Taiwan stocks fell 1.46 percent on Monday to a one-week closing low, with Hon Hai Precision and other exporters lower, as cautious comments from Chinese Premier Wen Jiabao about the world economy hurt investor sentiment. Wen said on Sunday that there was a chance the world economy may slip back into recession.
The comments sent other Asian markets lower, with the MSCI index of Asian shares outside Japan down 1 percent. Hong Kong shares fell 1 percent and Korean shares lost 0.8 percent. "Wen is worried for countries surrounding China," said Andrew Deng, assistant vice president of the international financial division at Taiwan International Securities Corp. "Investor interest is weak, and there's a cautious sentiment, which will continue." The main TAIEX ended down 113.41 points at 7,634.92. Foreign investors had bought T$59 billion worth of Taiwan shares this month as of Friday after being net sellers in February.
"A few factors that pushed Taiwan shares lower today: Chinese stocks's further fall and technical selling pressure growing at the 7,800 point level," said John Chiu, a vice president of Fuh Hwa Securities Investment Trust. He expected limited gains in the benchmark index in the short term unless Chinese stocks stage a significant rally.

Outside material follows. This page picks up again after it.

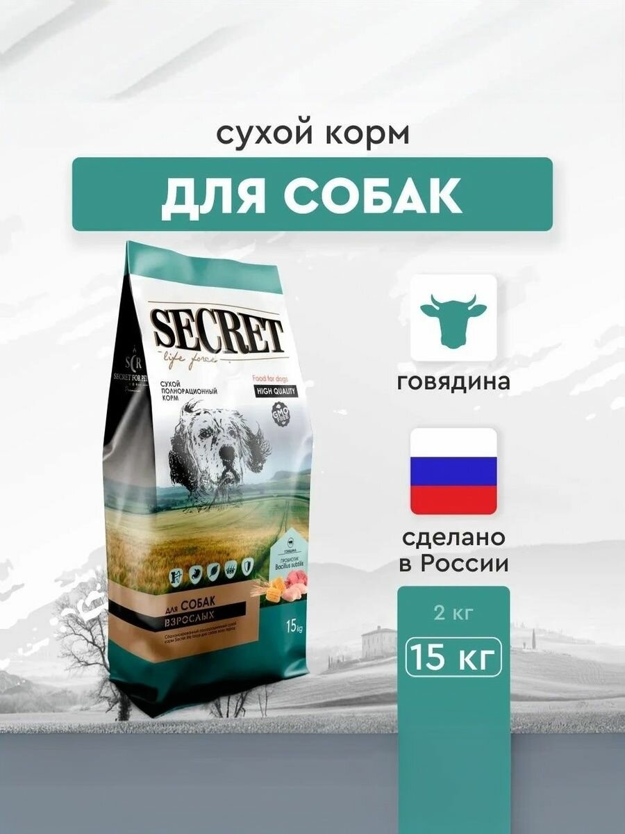 Сухой корм SECRET LIFE FORCE для взрослых собак всех пород с говядиной (15 кг): сравнение цен, характеристики, фото, актуальное наличие и цены.

The electronics sub-index fell 1.6 percent. Hon Hai, Taiwan's top electronics maker and a supplier to Dell Inc and Apple Inc, was 2.55 percent lower. Mediatek, the world's No 2 cellphone chip designer, slipped 1.5 percent. Topping the most active lists by turnover and volume was Amtran Technology, which fell 1 percent after advancing 7 percent in the previous session. After the market closed on Friday, Amtran denied media reports that Hon Hai would buy a 40 percent stake in it.